PRIME MINISTER: Kia ora koutou katoa, Jacinda, congratulations on bringing this together this evening, our time and the other times of the day for everywhere else, it's great to join you from this part of the Pacific. Can I also start off by congratulating Prime Minister Suga. The Tokyo Olympics are seven days away. This is a statement of incredible determination by the people of Japan. And I wish you all the very best, Yoshi, for the Tokyo Olympics in seven days time from now. All the best, my friend.
As this pandemic started and we had these meetings, we spoke about saving lives and saving livelihoods. In many ways that's been achieved. But many lives have been lost and many livelihoods destroyed. Here in Australia, we estimate we've saved more than 30,000 lives and livelihoods. We've seen our economy now return to levels before higher than what it was before the pandemic. And just our jobs figures this week showed that a million people have come back into work. And so there are more people employed now in Australia than before the pandemic hit.
We have had a successful suppression approach and we're particularly pleased that the jobs that have come back in our economy have particularly come back for women who were hard hit by the pandemic, more so than men. And secondly, we've seen our youth unemployment level drop now to the lowest level since 2009. So young people and women getting back into the workforce, getting back to the jobs has been extremely important. That has been assisted greatly by the fiscal support packages we've put in place and the successful suppression strategies we've put in place, mirroring similar to what has occurred in New Zealand. And Jacinda and I have worked closely in the bubble that we have in this part of the Asia-Pacific.
The work that we're currently involved in now is defining what those critical threshold levels are for vaccination that can effectively answer James's question. And the Doherty Institute, which is a very well respected worldwide institute based here in Melbourne and Australia, are doing the work for us now, which will be advising all of our provincial and our national jurisdiction on what are the key threshold marks we have to reach with our vaccination programmes that enable the easing of restrictions, the opening up of travel, particularly for vaccinated persons, the role of quarantine, and what are the safe levels to do that and balancing that up against our economic interests as well as our health system capacity. And be very pleased to share that with the APEC group, because hopefully that can inform the decisions we're all trying to make. Australia's vaccination programme is really gathering pace now and we expect to have Australians vaccinated by the end of the year who wish to do so.
So we remain in the suppression phase in Australia and until we can reach those thresholds, then we will have to do that. And that is quite a challenge. Can I commend particularly Prime Minister Marape, President Phuc, President Widodo as well on the incredible job you're doing in your countries, which we're quite familiar with. And we're very pleased to continue to provide support, not just to those countries, as I know so many are. And I know how difficult it is for you at this time. But we're thinking of you very keenly.

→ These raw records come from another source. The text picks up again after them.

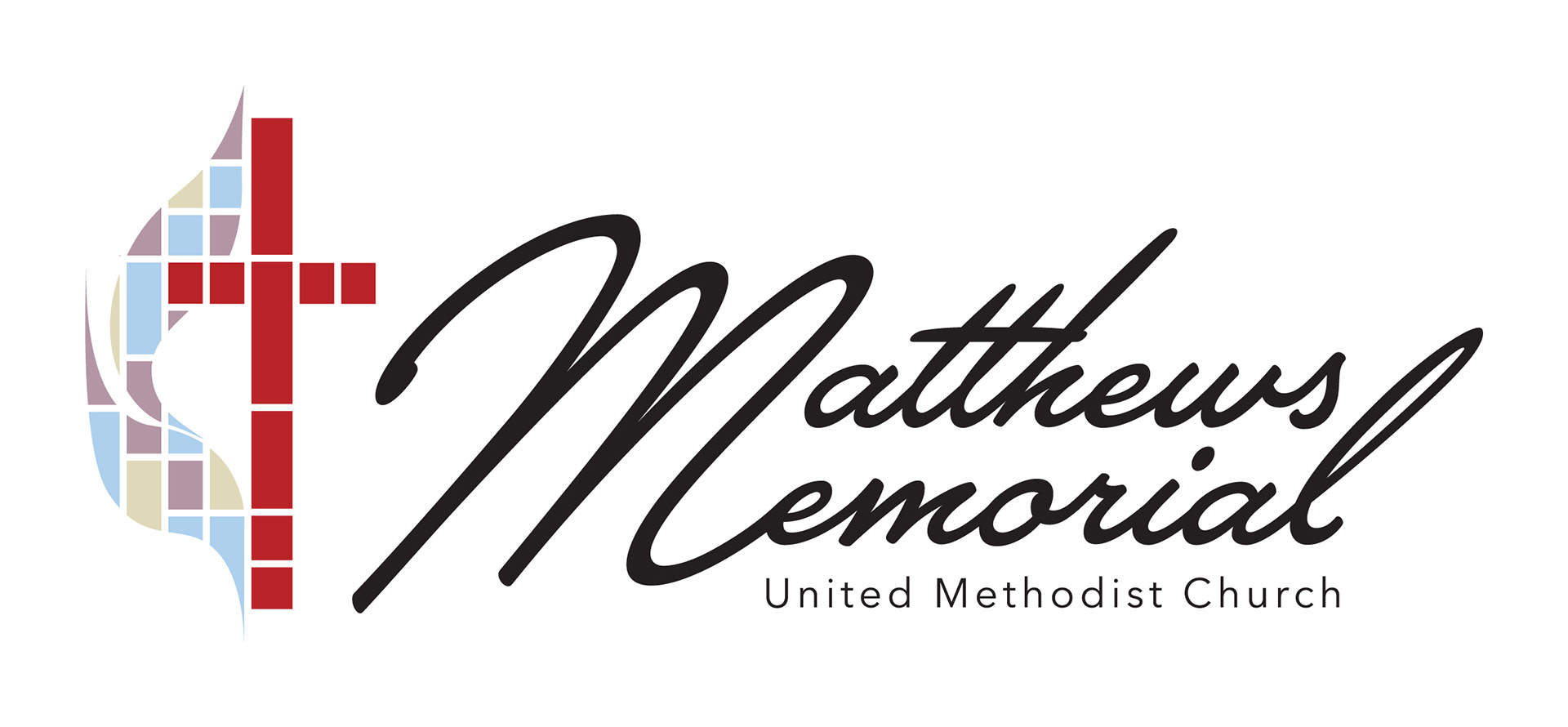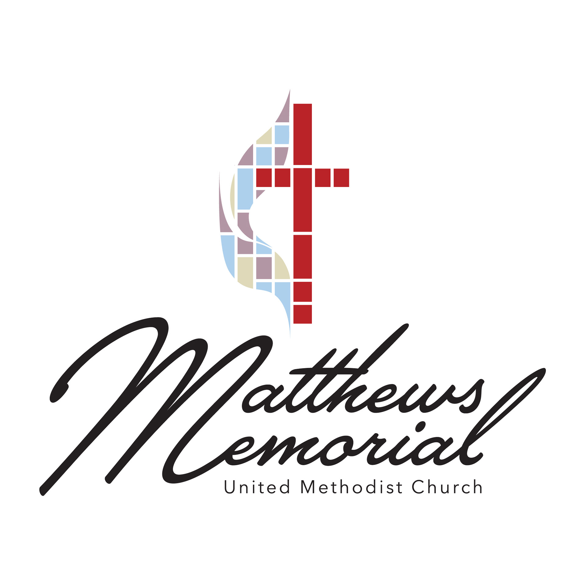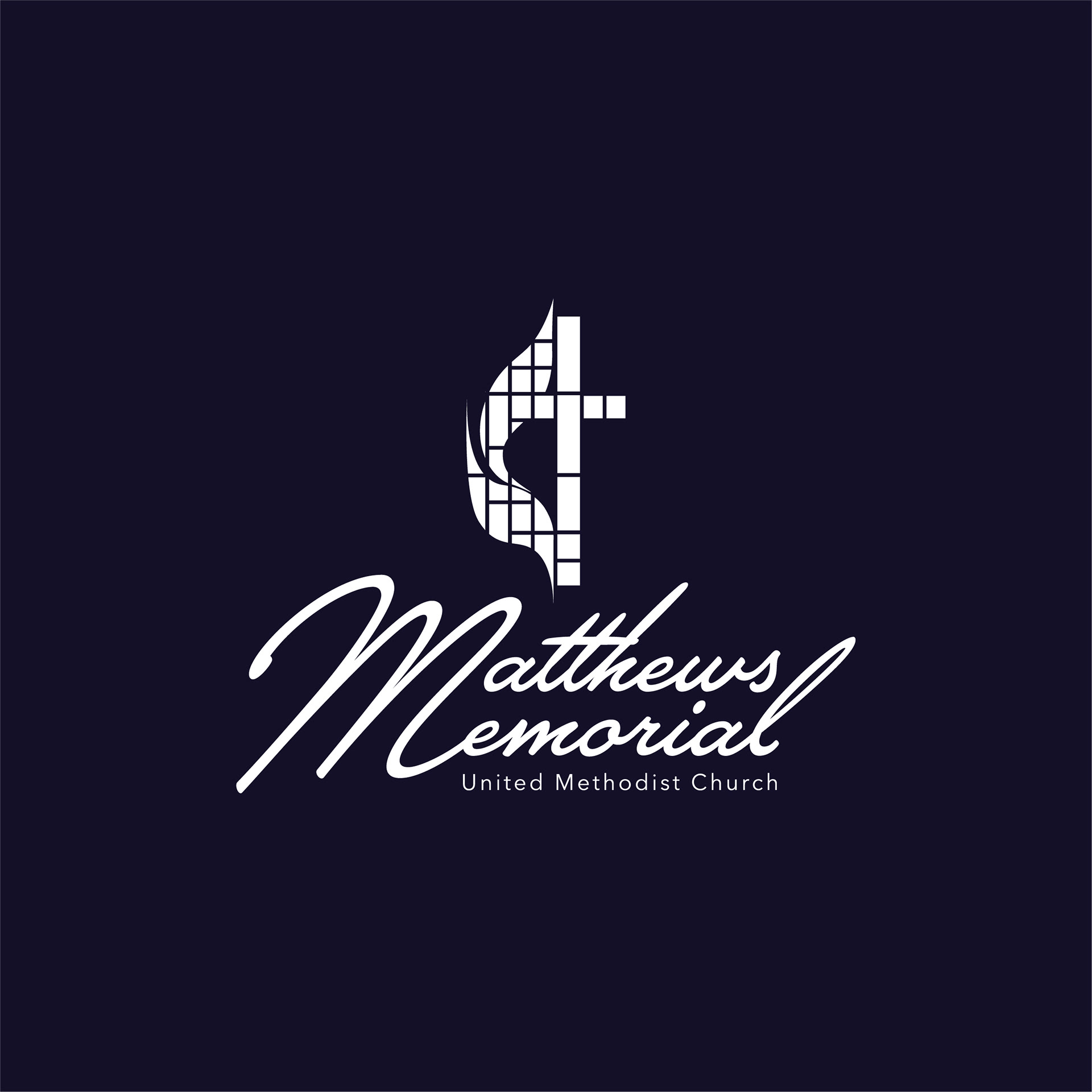 Logo design for Matthews Memorial United Methodist Church, drawing inspiration and colors from a prominent stained-glass window in the church's sanctuary.
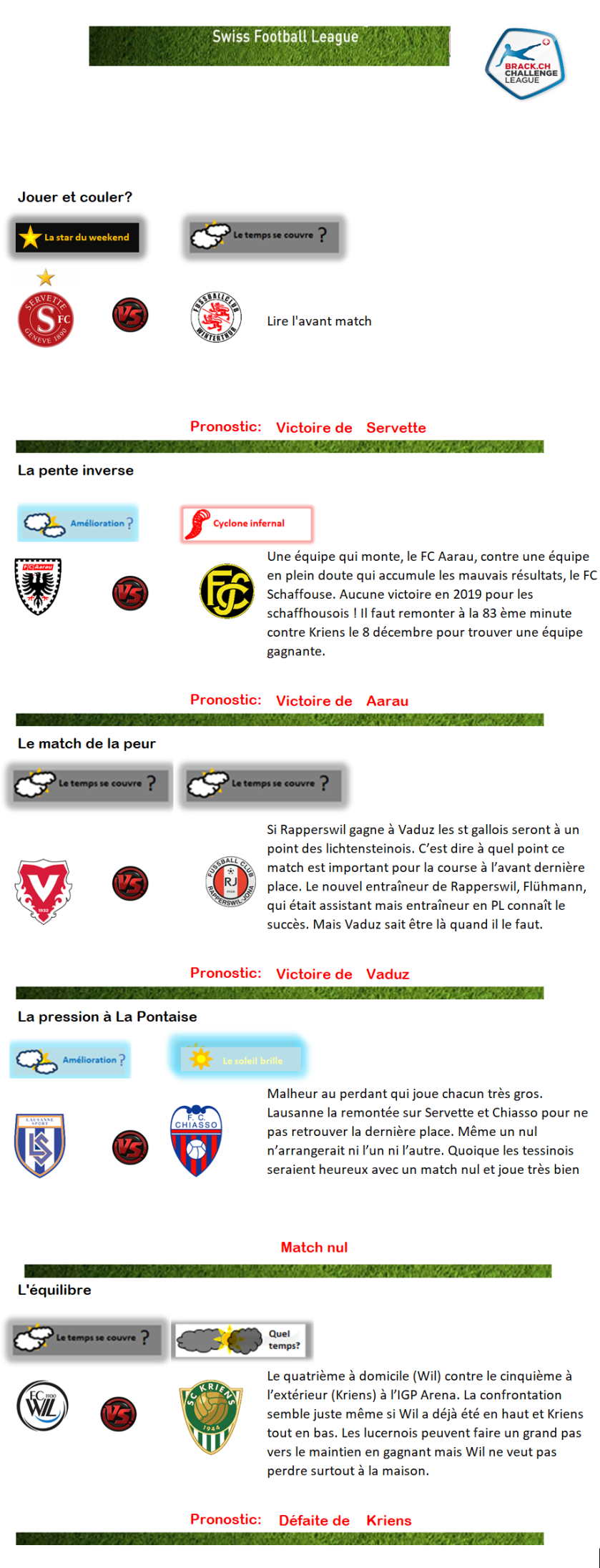 J-1 SFC-FCW J-6 LS-SFC : Le temps sur la Challenge League Tour 26: le printemps servettien se confirme ?
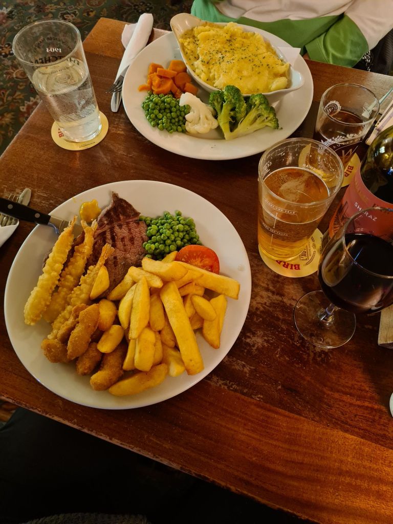 This attractive village pub is over 500 years old and of a type I am particularly fond of, all exposed beams to smack my head on and not too heavily renovated to look ‘oldie worldie’. I was looking forward to not only eating there but also sampling their real ales. Their kitchen isn’t open particularly late so we had booked an earlier table than is our want and settled down to eat at 19.30.
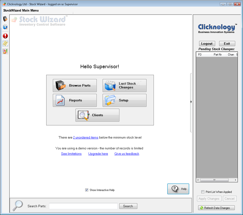 StockWizard Inventory Management Software is a demo software by Clicknology Ltd and works on Windows 10, Windows 8.1, Windows 8, Windows 7, Windows 2012.
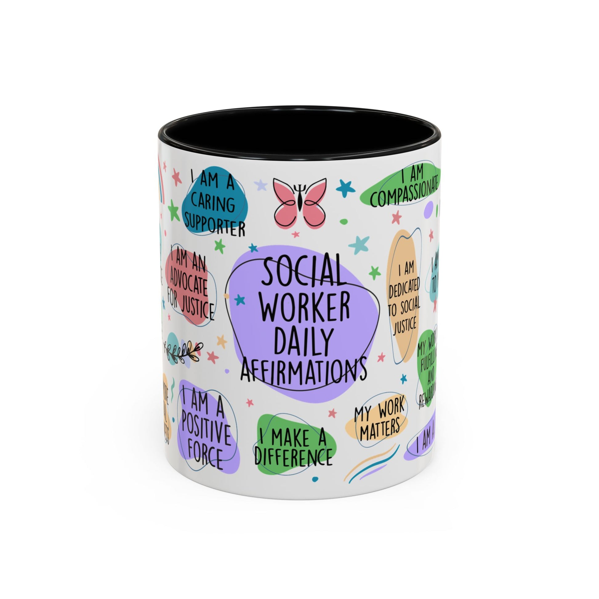 Social Worker Daily Affirmations Accent Coffee Mug — Inspirational -15oz

Lending that hand to other economies is incredibly important. We're pleased to be participating in the COVAX Market Initiative, the G7 initiative, and I see Justin there and others from the most recent meeting in Carbis Bay, 20 million doses there, the Quad Initiative joining with Prime Minister Modi, President Biden and of course, Prime Minister Suga.
Scaling up the production of vaccines really is the challenge for all of us. We produce the AstraZeneca vaccine in Australia, but particularly the MRNA vaccine production capability is something we really have to lift globally, so we can get that to more and more of the population.
On the issues we need to work together, we cannot have a recovery without a free and open Indo-Pacific. And that means respect for the rule of law. It means regional stability and security. It means the region being able to operate free of coercion and free of interference. And where we respect the law of the sea, where we respect the rule of law, we respect human rights right across our region, and that we hold fast to those important values for a free and open Indo-Pacific. And it also means we have rules based trading system that we can all trust, one that has binding mechanisms to resolve disputes. And it's an urgent issue to ensure that the WTO's appellate body is restored and fully functional, because without a referee, it's very hard to play the game. And we all want to be on the field as we come back from this recovery. And the WTO plays an absolutely essential role in policing the rules of world trade and ensuring that no country can be subject to economic coercion, which can take place.
I might leave it there, Jacinda, because there's many other contributions. But I really do commend the other leaders for the great work that they're doing, we've still got a long way to go and we need to keep working together.